Monday, December 21, 2009

Stop the train before the wreck

We mandate that all children must be educated. I do not understand why schools spend the money they spend on marketing a mandated service. If you are Catholic you are legislated to pay your taxes to the Catholic school division and may send your children to a Catholic school. If you are non-Catholic you must pay your taxes to the public school division and they must accept all students. It is, or was, a simple concept.

In an age when dollars are short all way round, why do school divisions compete for students? Education is about one generation preparing a future generation to sustain society. Yet we have school divisions competing for students and using our tax dollars for that purpose. And then they ask for more money for education. Although it may appear that the money spent is a small fraction of the over all budget (SP 12/19/09) what else could the public system spend $215,000.00 dollars on or the Catholic system $87,000.00?

We now have created the options of public schools, Catholic schools, francophone schools, associate schools, private schools and home schools. Each want what the other has and exhibit an entitlement to tax dollars to finance their wants.

All the public-at-large wants is an educated community. Who is engineering this train and where is it going? Put education back on track!


  1. In many ways, I'm on board with CivicMistress.

    This is evidence of society complaining that public services are lumbering dinosaurs.

    As we advocate for governments to follow "free-market" models, they invariably move into "free-market" practice. One of those practices is to market and sell their services, to differentiate their product.

    Marketing budgets for public and private schools in the United States have went through the roof as a result of turning education into a quasi-market, as schools vigorously compete for students.

    This is sadly only a hint of what is to come if we continue to allow the neoliberal free market to influence public education.

    We complain when we see the logical results of pushing towards "free-market" practice in education. I would suggest we consider what services should remain essentially public and ask they be governed and preserved as such.

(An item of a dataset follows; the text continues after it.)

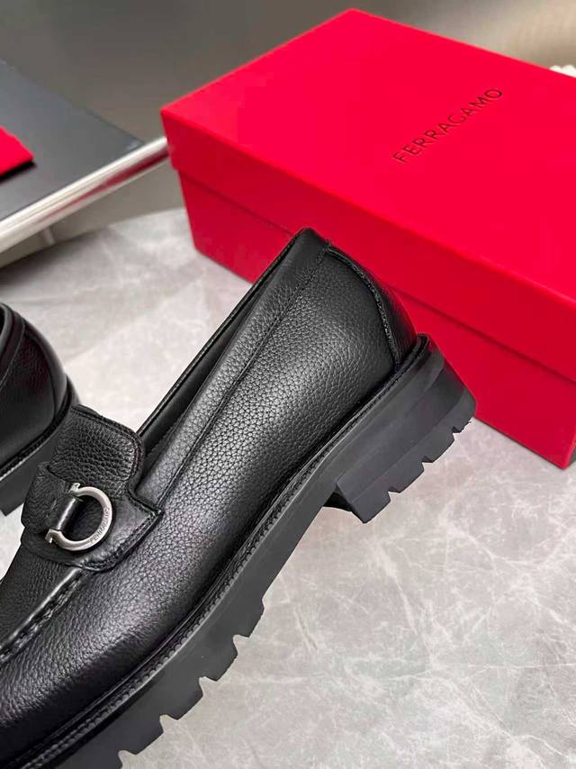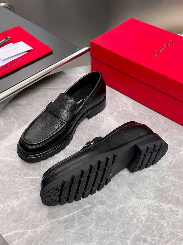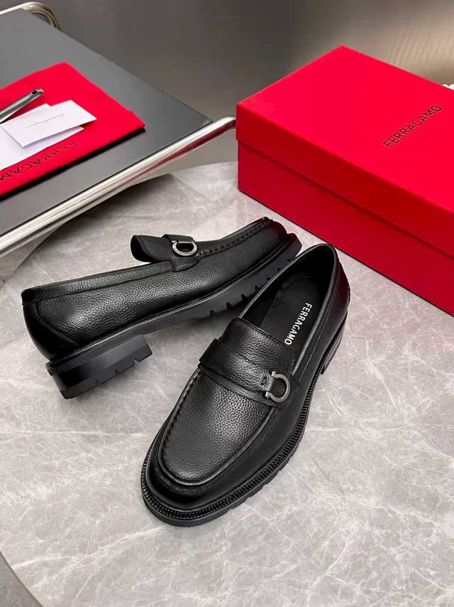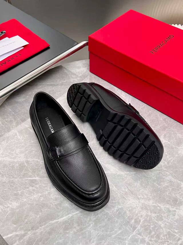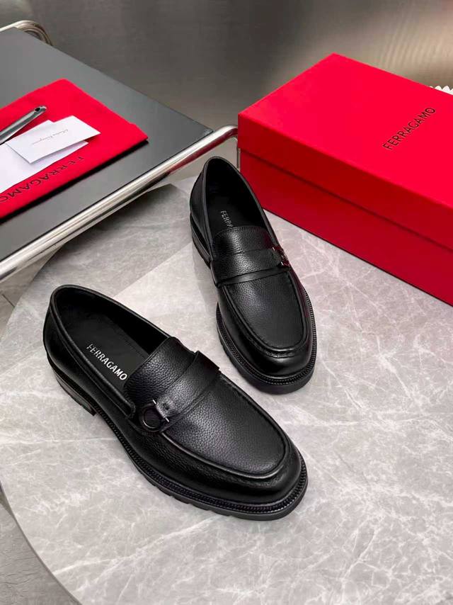 ferragamo 菲拉格慕 经典的男士商务皮鞋 进口黑色小牛皮 牛皮内里 皮质非常柔软 原版真皮大底 码数39-44码 38 45 46 47定做

  2. So if Public Education is to truly considered a Public entity, shouldn't the Provincial Auditor have something to say about how this money is being wasted? I never have supported the idea of marketing vs information but there is a fine line. I akin both divisions advertising full day kindergarten and school registrations to reminding you to buy your drivers license, it is your responsibility to do so. As a parent I should be contacting the school division about when to register not the other way around. And for either division to say it isn't marketing give it a break. Can't believe the teachers associations aren't all over this one. But then again serving 2 masters is never a good thing.